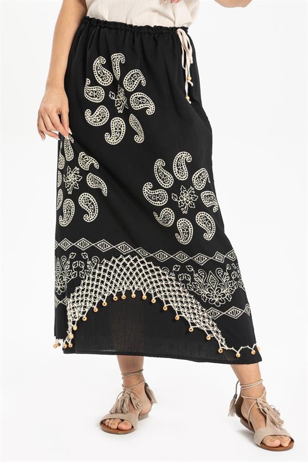 Bu etek, pastel tonlarındaki şifon bluz, dantel üstler ve benzeri parçalarla mükemmel bir şekilde kombinlenebilir.
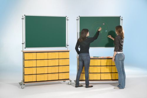 Jedes BoxTafel besteht aus Tafel, fahrbarem Gestell und den entsprechend farbigen Boxen und wird gebrauchsfertig montiert geliefert!
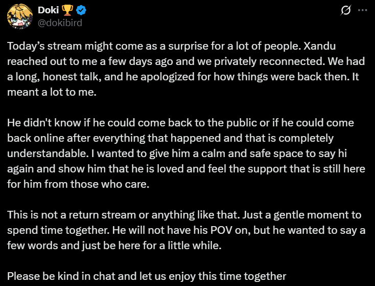 >>106280186>XanduHonestly looks like they've hashed things out, or they've always been cool with each other. Either way it's nice to see a bit more light from the situation.
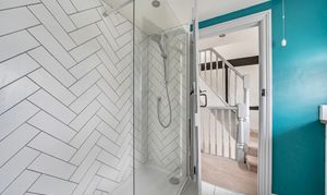 On the first floor is a charming good-sized bedroom with fitted wardrobes and a family shower room which has been recently updated.

#### [Activity]
Copy the data word for word and omit every picture.

#### [Result]
 Bu etek, pastel tonlarındaki şifon bluz, dantel üstler ve benzeri parçalarla mükemmel bir şekilde kombinlenebilir.
 Jedes BoxTafel besteht aus Tafel, fahrbarem Gestell und den entsprechend farbigen Boxen und wird gebrauchsfertig montiert geliefert!
 >>106280186>XanduHonestly looks like they've hashed things out, or they've always been cool with each other. Either way it's nice to see a bit more light from the situation.
 On the first floor is a charming good-sized bedroom with fitted wardrobes and a family shower room which has been recently updated.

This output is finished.